Тут я разглядел его – этого человека в чёрном. Он был с длинным «лошадиным» лицом, бледен, с рыхлой кожей человека неопределённого возраста. И ещё я отметил, что он как-то странно одет – слишком много всего на него было напялено. Конечно, каждый волен носить, что ему заблагорассудится, но есть же понятие здравого смысла.
Проведя значительную часть жизни в переполненных аэропортах или на железнодорожных вокзалах и отстояв своё в очередях, я научился не обращать внимания на окружающих, даже если они дышат прямо в затылок. Но здесь был другой случай. Его присутствие выводило меня из себя, как, наверное, выводит вас из себя – даже если вы не являетесь закоренелым кошконенавистником – кошка вашего друга, которая во что бы то ни стало хочет потереть спинку именно о ваш стул. Во-первых, мне бросилось в глаза, что человек в чёрном не был обременён никакой кладью, тогда как у любого из нас в руках был чемодан, сумка или хотя бы портфель. Во-вторых, несмотря на жару и давку, он не выказывал никаких признаков беспокойства. Он был олимпийски спокоен и невозмутим.
Словно из ниоткуда появился этот странный субъект. Неожиданно я очутился лицом к лицу с человеком в чёрном. Наши взгляды встретились. Мои глаза налились кровью. А у него глаза были узкие-узкие, я таких в жизни не видел. Ну прямо щёлочки! Вдобавок к этому – очки с такими толстыми стёклами, что, если только не смотреть на него в упор, кажется, будто у него отсутствует кусок щеки. Он улыбнулся мне холодно, но не без фамильярности. В данной ситуации эта улыбка была совершенно неуместна. Затем, указав на свёрток, который я держал под мышкой, он произнёс с сильным акцентом, выдававшим его прибалтийское происхождение:
– Документы, реликвии, артефакты?
– Эпистолярный жанр. Переписка моей бабушки с другой бабушкой, – с тихой ненавистью ответил я.
– Прибыли издалека?
– Из Северной Пальмиры, – бросил я.
– Вот и я тоже, – кивнул он. – Минуты две он молчал, а потом опять заговорил: – Мы знаем, что документы у вас.

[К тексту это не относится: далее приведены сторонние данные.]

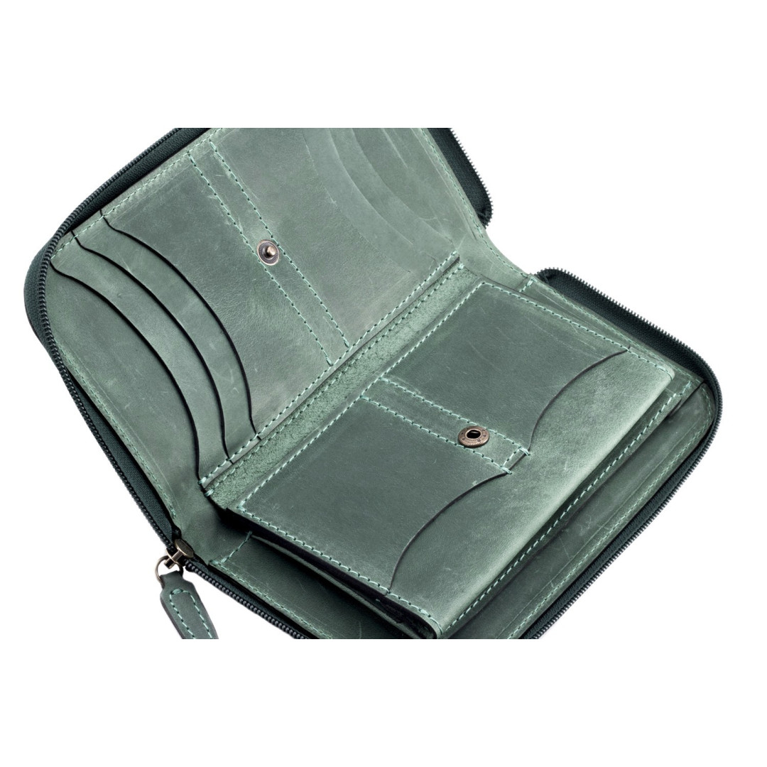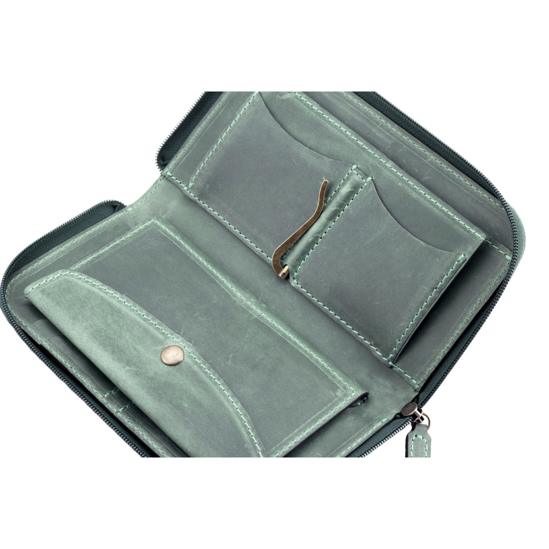 Клатч ручной работы на молнии. Состоит из нескольких внутренних отделений: одно большое, которое сможет поместить в себя всё самое ценное, десять для карт и визиток, зажим для купюр, и карман для мелочи на кнопке.

Я сделал вид, что не расслышал его слов. Он продолжал:
– Я собираю букинистические книги, а также автографы великих мира сего. Торг уместен.
– Ну-ну, – рассеянно буркнул я.
– Быть может, вам попадались такие? – спросил он.
– Нет, – сказал я.
– Вы вообще читаете что-нибудь?
– Иногда. А так – киноман, блокбастеры, желательно голливудского производства! – отрезал я.

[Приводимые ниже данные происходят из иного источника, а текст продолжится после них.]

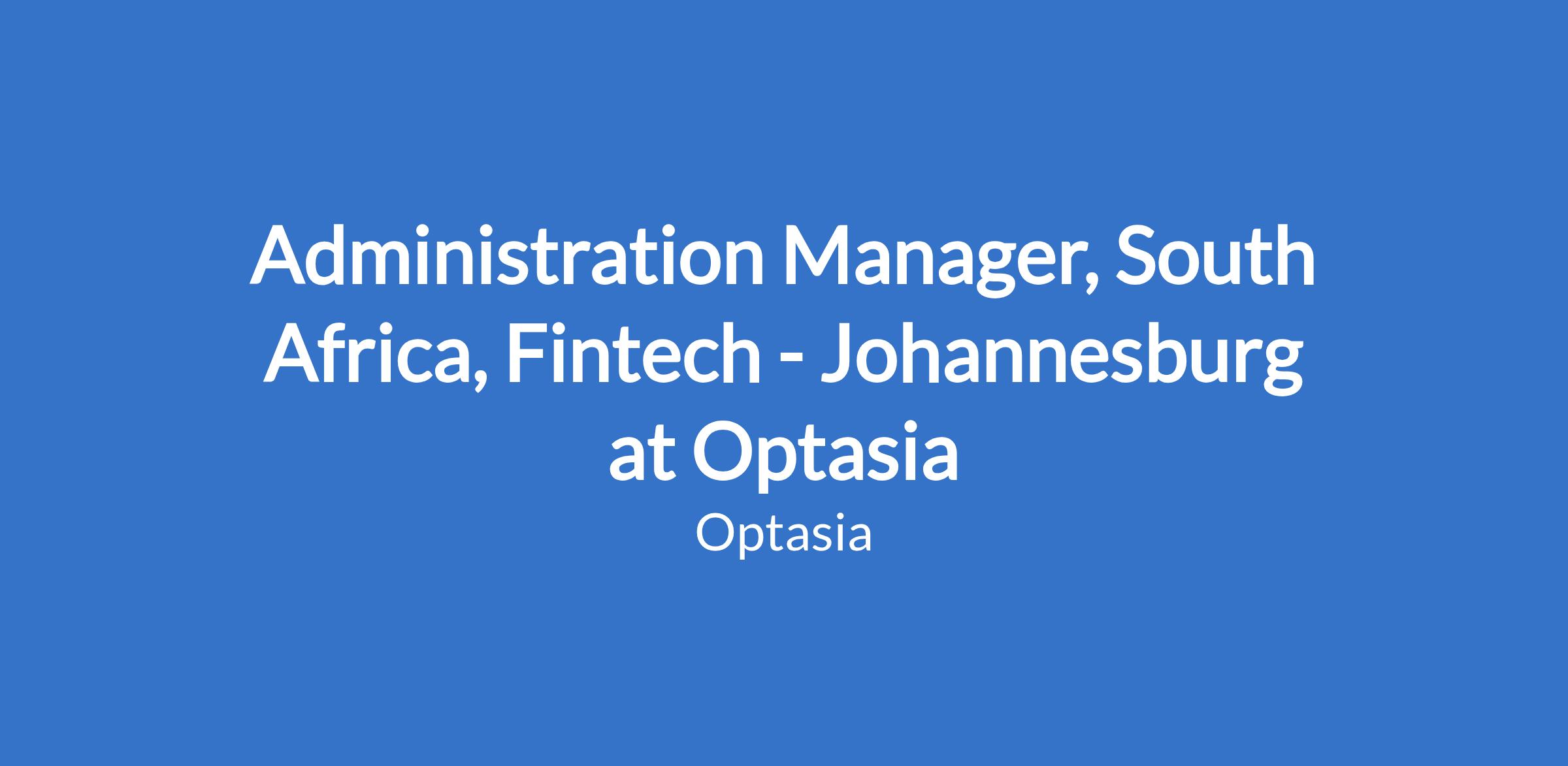 Administration Manager, South Africa, Fintech - Johannesburg at Optasia

– Да-да, конечно, – кивнул он. – Всё правильно. Я тоже предпочитаю иметь дело только со знакомыми источниками.
Общение с узкоглазым очкариком взбесило меня в буквальном смысле слова. Таскать под мышкой насквозь пропылённую рухлядь и то приятнее. Я одарил очкарика убойным взглядов. Но он не дрогнул.
– Вы случайно не знакомы с Есениным? – не унимался прибалт.
– Есенин? Не знаю такого! – бросил я.
Медленно, боясь всколыхнуть ярость, я повернулся к очкарику спиной.
Когда я позволил себе обернуться, бросить, так сказать, прощальный взгляд на своего недавнего собеседника, которого едва не убил в запальчивости, его и след простыл.
Я внимательно всмотрелся в цепочку сердитых пассажиров, но так и не обнаружил своего очкарика.
Это меня настолько удивило, что я тут же обратился к шедшему за мной толстому парнишке в дурацких шортах:
– Куда, чёрт побери, подевался тот тип в чёрном пальто?
– В чёрном пальто? – переспросил парнишка и, обойдя меня, устремился к свободному в тот момент проходу.
Пропал куда-то…
Константиново есенинское
Был у нас в селе праведный человек, отец Иван. Он мне и говорит: «Татьяна, твой сын отмечен Богом».